John Tortorella doesn’t “give a sh*t” if NHL player mics pick up profanity
John Tortorella doesn’t give a sh*t. He doesn’t give a sh*t about selfies. He doesn’t give a sh*t about the league office. He doesn’t give a sh*t about gratifying his team’s fragile egos or sugarcoating gastrointestinal issues, and he certainly doesn’t give a sh*t about profanity. So when asked if he was concerned about mic’d-up players using naughty words when the NHL returns in August, well, you can probably guess what he had to say.
Honestly not sure where this journalist thought he was or who he was talking to.
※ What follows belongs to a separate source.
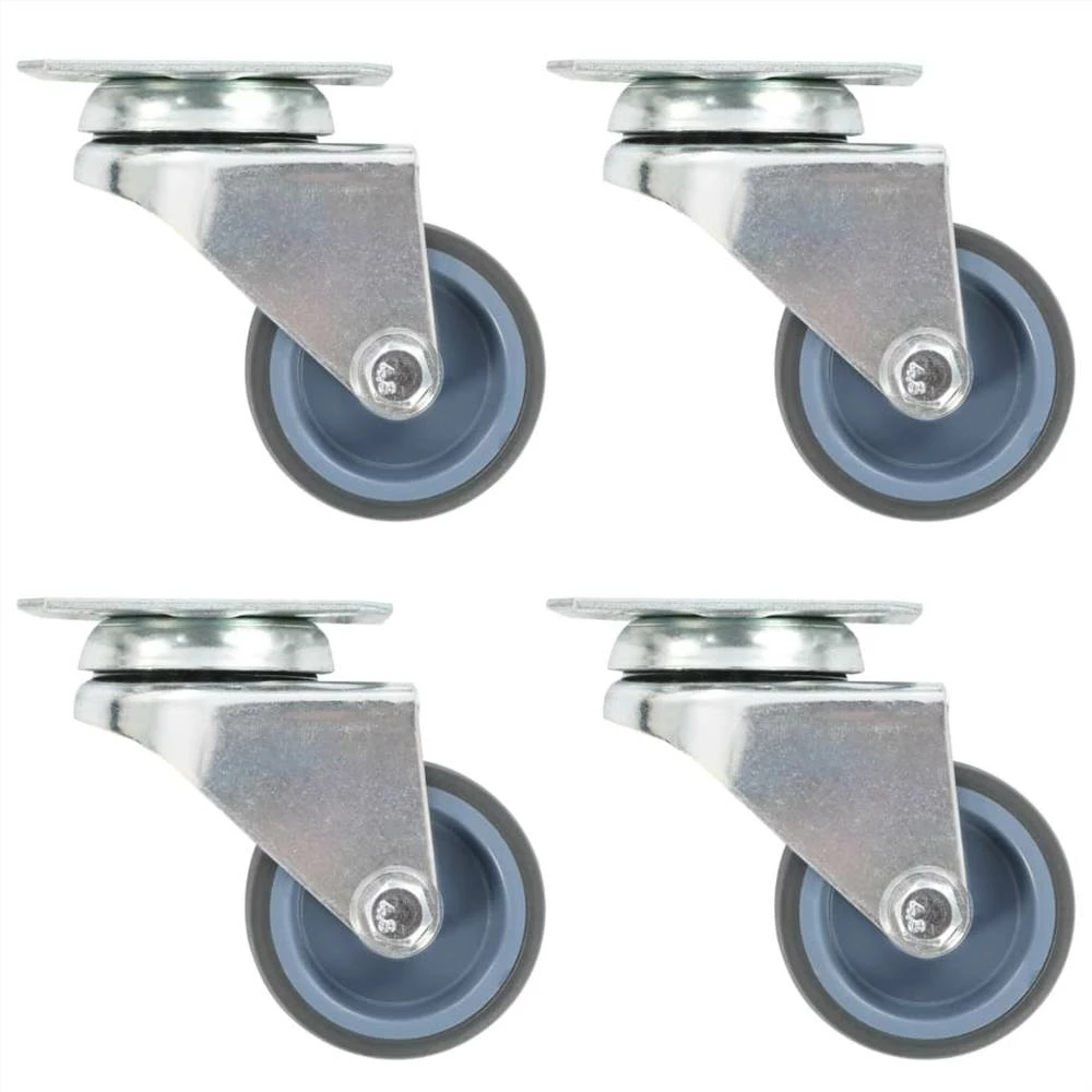 This set of 8 twin-wheel swivel casters will be the perfect accessory for small equipment and furniture like workbench, trolley, coffee table, plant stand, bookshelf, shopping cart, etc. These casters are made of TPR (thermoplastic rubber) which is distinguished by a good shock and vibration resistance, enabling these casters to run smoothly and quietly. Additionally, their soft surfaces effectively protect your floor from scratching. Besides, the zinc-coated iron frame is highly rust-resistant and thus adds to the catser’s sturdiness and durability. Each caster has a maximum loading capacity of up to 100 kg. Delivery includes 8 swivel casters.

This ain’t Disney World, chief, and Torts sure as hell ain’t Mickey Mouse. If bad words offend you, maybe hockey isn’t for you. (We hear this golf thing is pretty cool though.)
You also have to wonder if there aren’t more pressing issues at hand than the NHL’s plan to mic up players when pucks drop August 1. Sports occupy a fascinating place in the broader American discourse right now. Surely an employee paid to ask questions can come up with something better than “but what about the cursing, Torts?”
If the goal was to elicit an entertaining answer, however, then we have to thank this brave hero for his sacrifice. Without him, the world would be suffering through yet another week of no Torts, and Lord Stanley knows we’ve had too many of those lately.